The problem — Output the full listing below exactly, without the pictures.
====== Data below
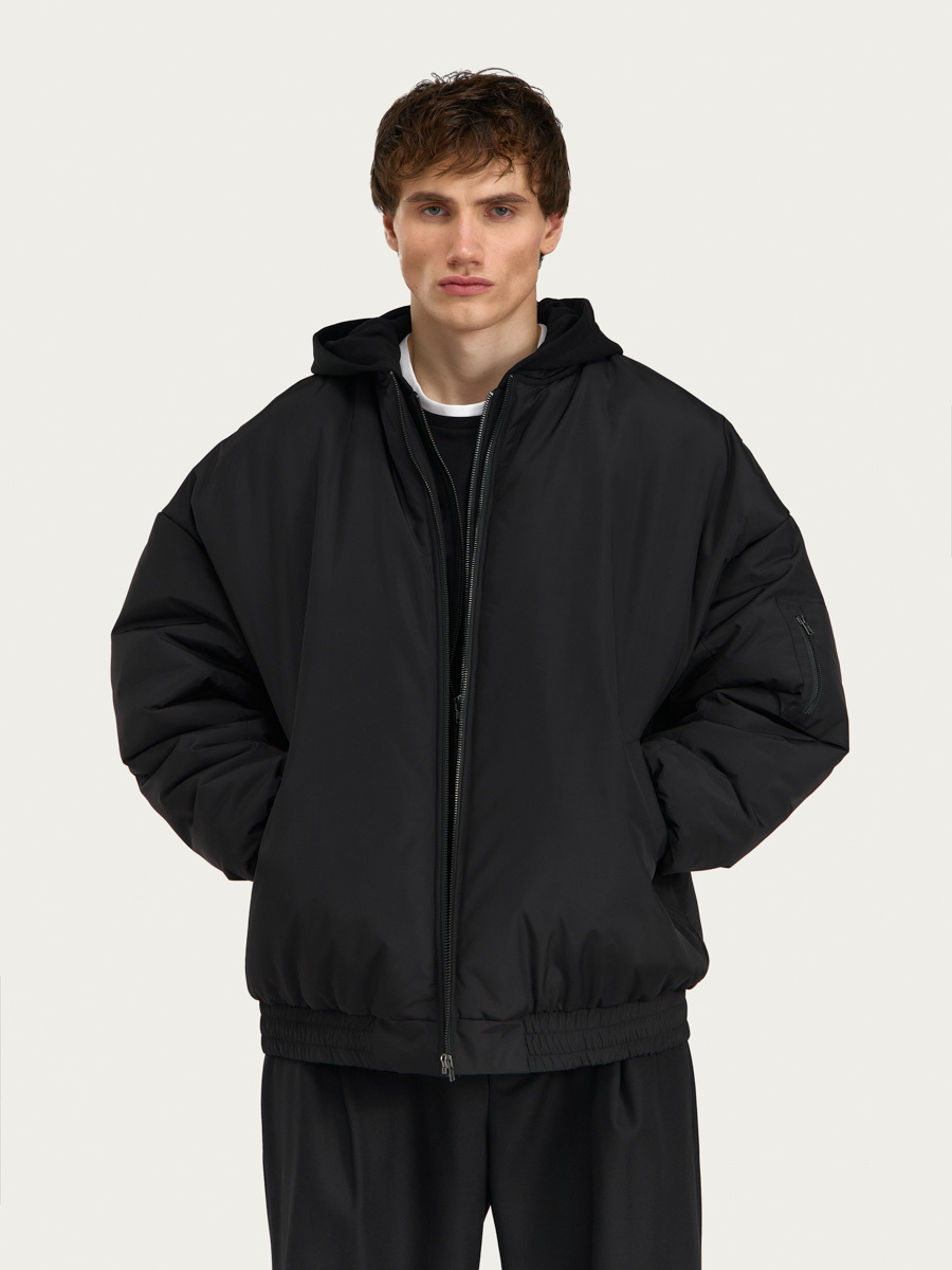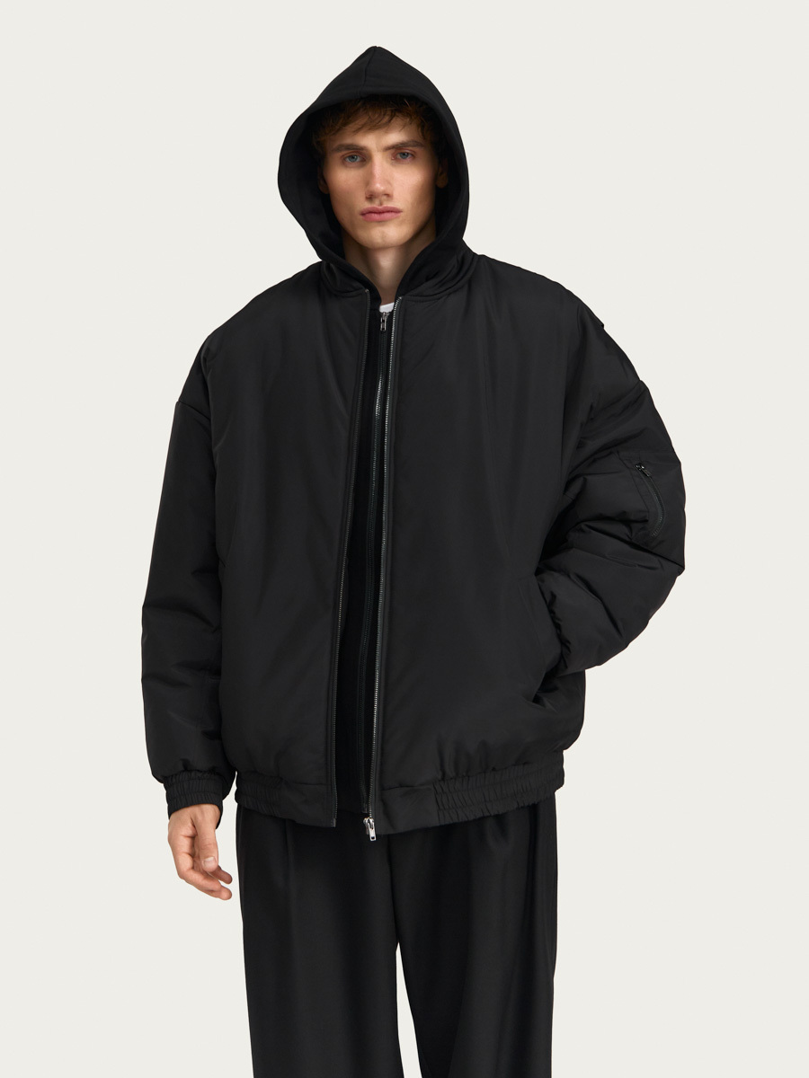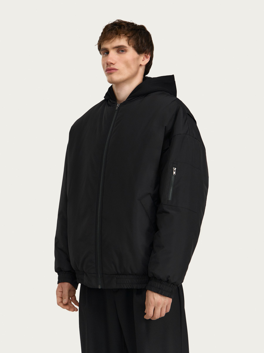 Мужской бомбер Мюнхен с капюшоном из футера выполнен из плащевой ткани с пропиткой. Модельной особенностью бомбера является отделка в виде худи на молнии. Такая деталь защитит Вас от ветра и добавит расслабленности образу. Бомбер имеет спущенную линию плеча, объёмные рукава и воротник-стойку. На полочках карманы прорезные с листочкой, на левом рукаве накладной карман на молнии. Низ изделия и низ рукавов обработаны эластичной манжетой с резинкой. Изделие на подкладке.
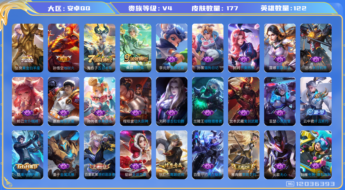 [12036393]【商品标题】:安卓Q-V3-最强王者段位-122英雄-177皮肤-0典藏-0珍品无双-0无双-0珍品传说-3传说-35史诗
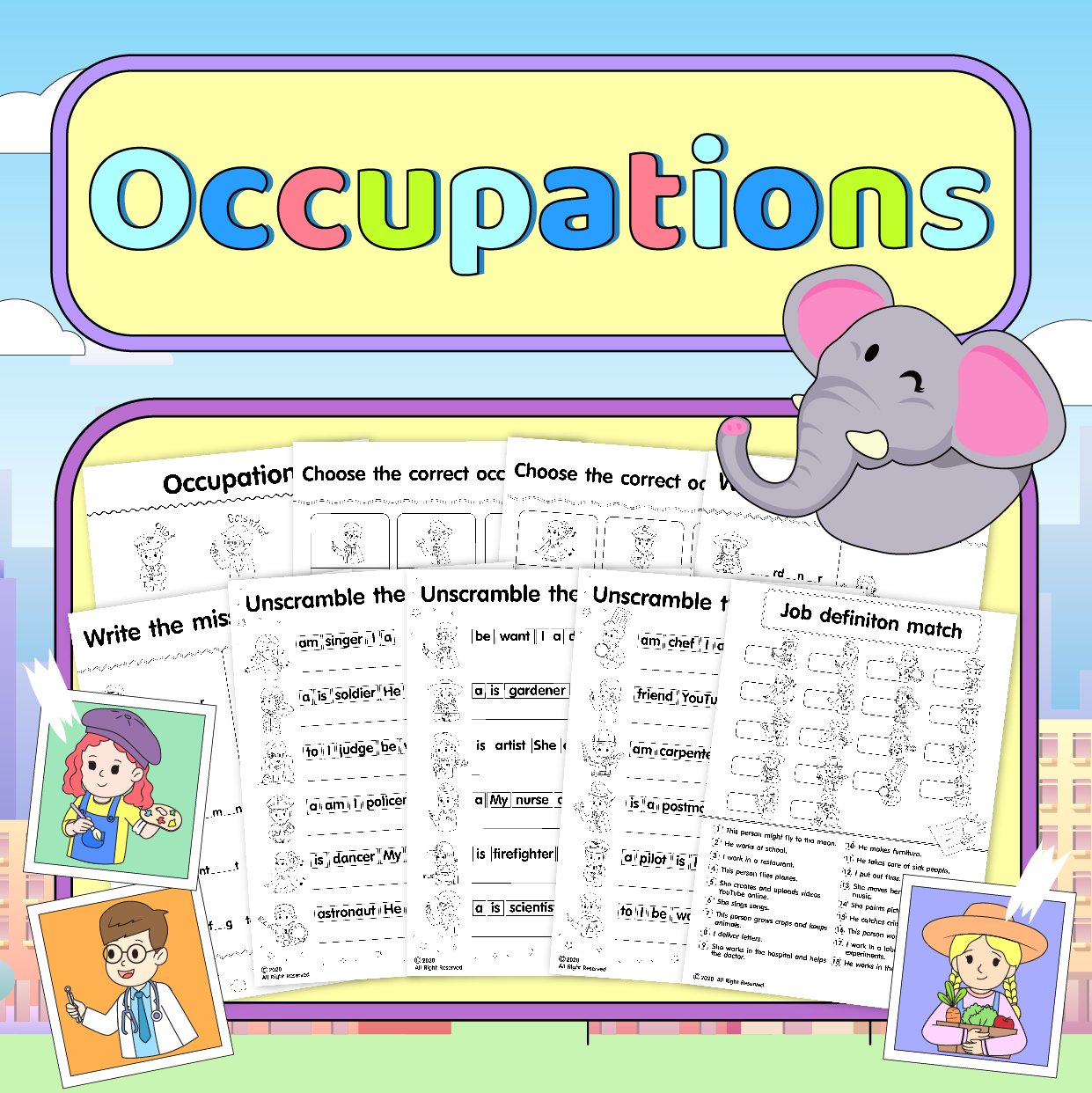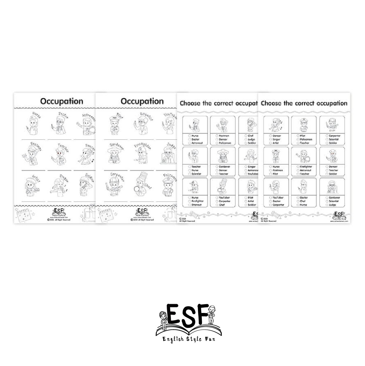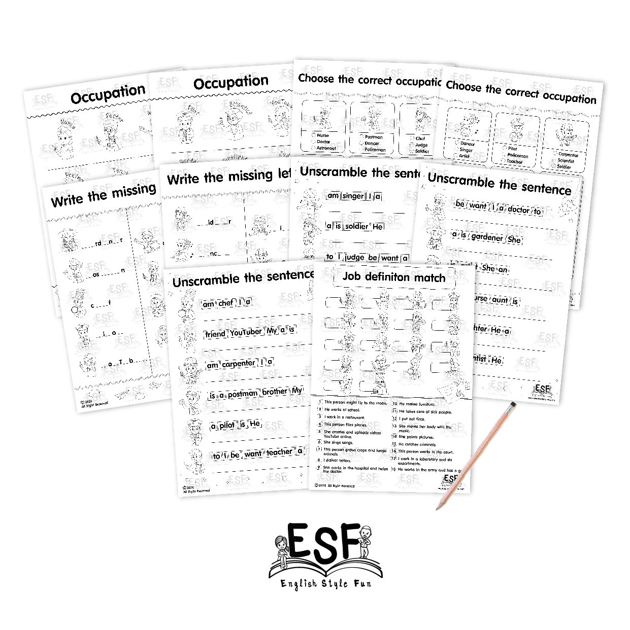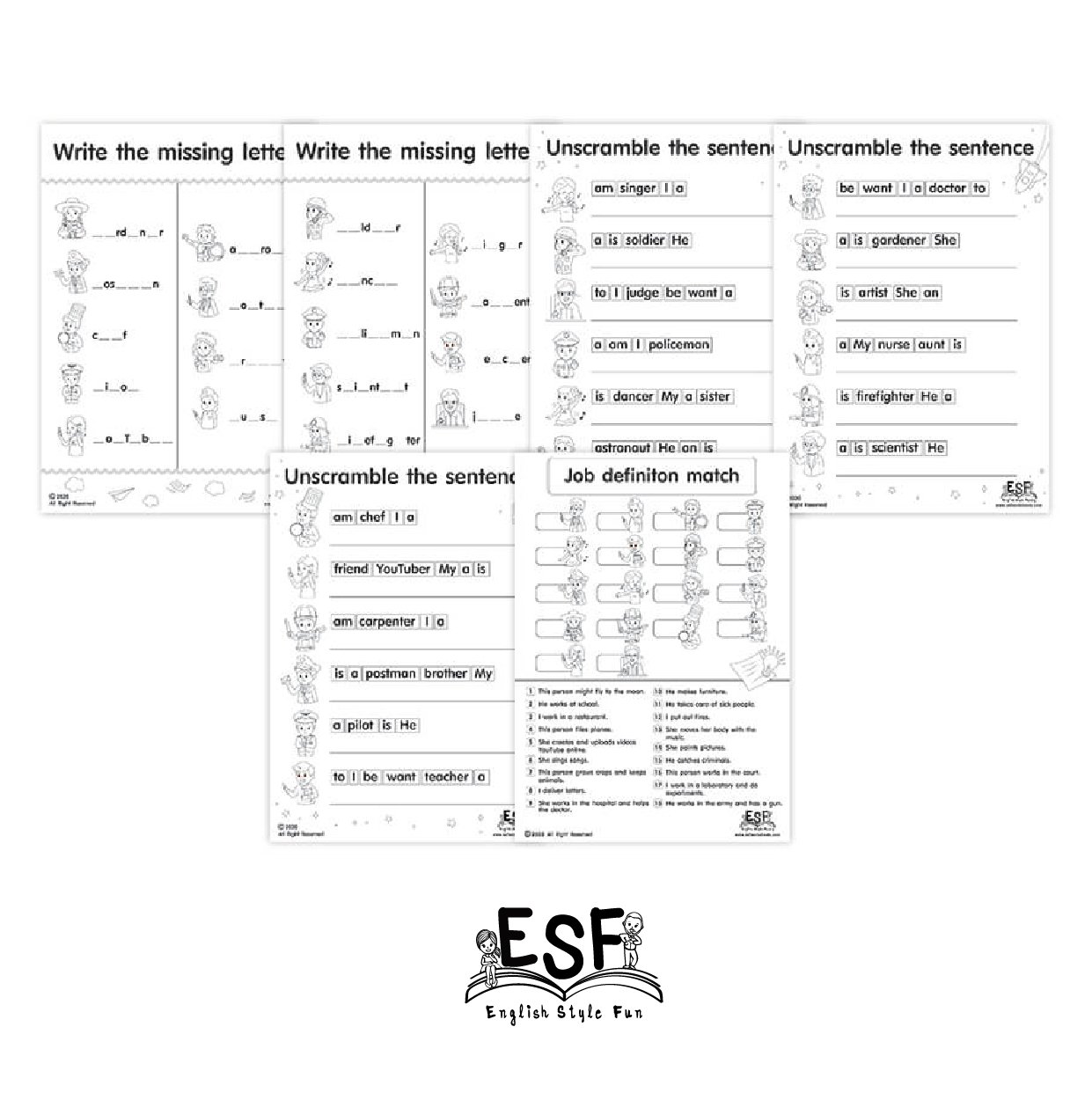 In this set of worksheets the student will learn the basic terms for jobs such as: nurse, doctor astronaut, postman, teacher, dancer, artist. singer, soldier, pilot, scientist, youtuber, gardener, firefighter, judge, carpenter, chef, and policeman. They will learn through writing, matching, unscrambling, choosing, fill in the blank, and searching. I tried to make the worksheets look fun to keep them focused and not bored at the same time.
============
Written answer —
 Мужской бомбер Мюнхен с капюшоном из футера выполнен из плащевой ткани с пропиткой. Модельной особенностью бомбера является отделка в виде худи на молнии. Такая деталь защитит Вас от ветра и добавит расслабленности образу. Бомбер имеет спущенную линию плеча, объёмные рукава и воротник-стойку. На полочках карманы прорезные с листочкой, на левом рукаве накладной карман на молнии. Низ изделия и низ рукавов обработаны эластичной манжетой с резинкой. Изделие на подкладке.
 [12036393]【商品标题】:安卓Q-V3-最强王者段位-122英雄-177皮肤-0典藏-0珍品无双-0无双-0珍品传说-3传说-35史诗
 In this set of worksheets the student will learn the basic terms for jobs such as: nurse, doctor astronaut, postman, teacher, dancer, artist. singer, soldier, pilot, scientist, youtuber, gardener, firefighter, judge, carpenter, chef, and policeman. They will learn through writing, matching, unscrambling, choosing, fill in the blank, and searching. I tried to make the worksheets look fun to keep them focused and not bored at the same time.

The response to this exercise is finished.